The purpose of the Ultraviolet Plume Instrument (UVPI) experiment was to accurately image and track the plume of a rocket launched from Earth's surface in the ultraviolet spectrum. It was a pointable telescope mounted on the earth-facing side of the LACE spacecraft. Its mission was to collect images of rocket plumes in the near-ultraviolet and midultraviolet regimes from a space-based platform. It was also used to collect background image data of Earth, Earth's limb, and celestial objects. Background imaging included the day, night, and dawn limb, aurora, sunlit and moonlit clouds, and the Earth's surface.

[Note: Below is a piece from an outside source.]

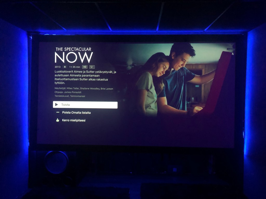 Ei muuta kuin Atmos demo pyörimään. Ja sen jälkeen pettymys oli valtaisa. Joo SVS on varmasti loistava subbari, mutta tämä ei kuulosta hyvältä. Välittömästi tuli jotenkin tyhjä fiilis, huoneen etuosa on kuin ontto ja basso jää todella vaisuksi. Joo, bassoa on, mutta sen selkeästi tunnistaa tulevan takaa ja jättää skriinin tyhjäksi. Tuolini ovat massiiviset ja subbari siis jää niiden taakse. Tällä varmasti on jotain tekemistä asian kanssa. Päätän kuitenkin antaa SVS:lle mahdollisuuden ja kaivan Netflixistä jo jonkin aikaa odottaneen Dolby Atmos leffa Wheelmanin. Ja tähän väliin välikommentti, päivitin myös AppleTV:n softan (Beta), ja tällä kertaa Netflixin Atmos raita ei pätkäissyt kertaakaan. Johtuiko sitten tästä vai jostain muusta, mutta toivottavasti näin myös jatkossa.
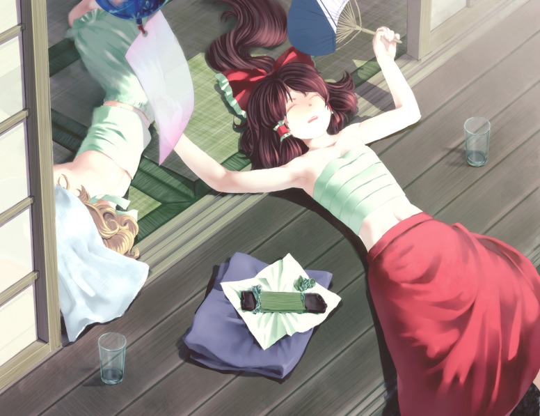 2girlsarmpitsblonde hairbloomersclosed eyesfemale focushand fanhotlyingmultiple girlson backon sideoutstretched armsporchsarashisleepingspread armsunderwearunderwear onlyveranda

The UVPI consisted of two image-intensified CCD cameras that were boresighted and shared a Maksutov-Cassegrain telescope. The tracker camera was sensitive in the near-ultraviolet/visible wavelength region, had a field of view approximately 14 times larger in each dimension than the plume camera, and was used to locate, acquire, and track a target. The plume camera collected images at four wavelengths from 195 to 350 nm, selected with a filter wheel. The field of view was 0.184 x 0.137 degrees. Its photometric range and sensitivity were optimized for nighttime operations. The tracker camera could image stars as dim as visual magnitude 7. Normal frame rate was 5 per second, but the zoom mode rate was 30 per second with a reduced field of view.

=== Army Background Experiment (ABE) ===

The Army Background Experiment was commissioned by the U.S. Army Strategic Defense Command to measure the space neutron background radiation from the LACE satellite. It consisted of four borated plastic scintillator rods 8 in. long by 3 in. in diameter attached to a fold-out panel on the nadir side of LACE. The rods would detect neutrons originating from atmospheric escape and from the spacecraft's body. The experiment was jointly developed by the Grumman Corporation and the Los Alamos National Laboratory, with the support of the U.S. Department of Energy. Within a few months after the launch of LACE, the ABE was reported to be operating nominally, and it was expected to remain in operation through LACE's expected 30 month lifetime.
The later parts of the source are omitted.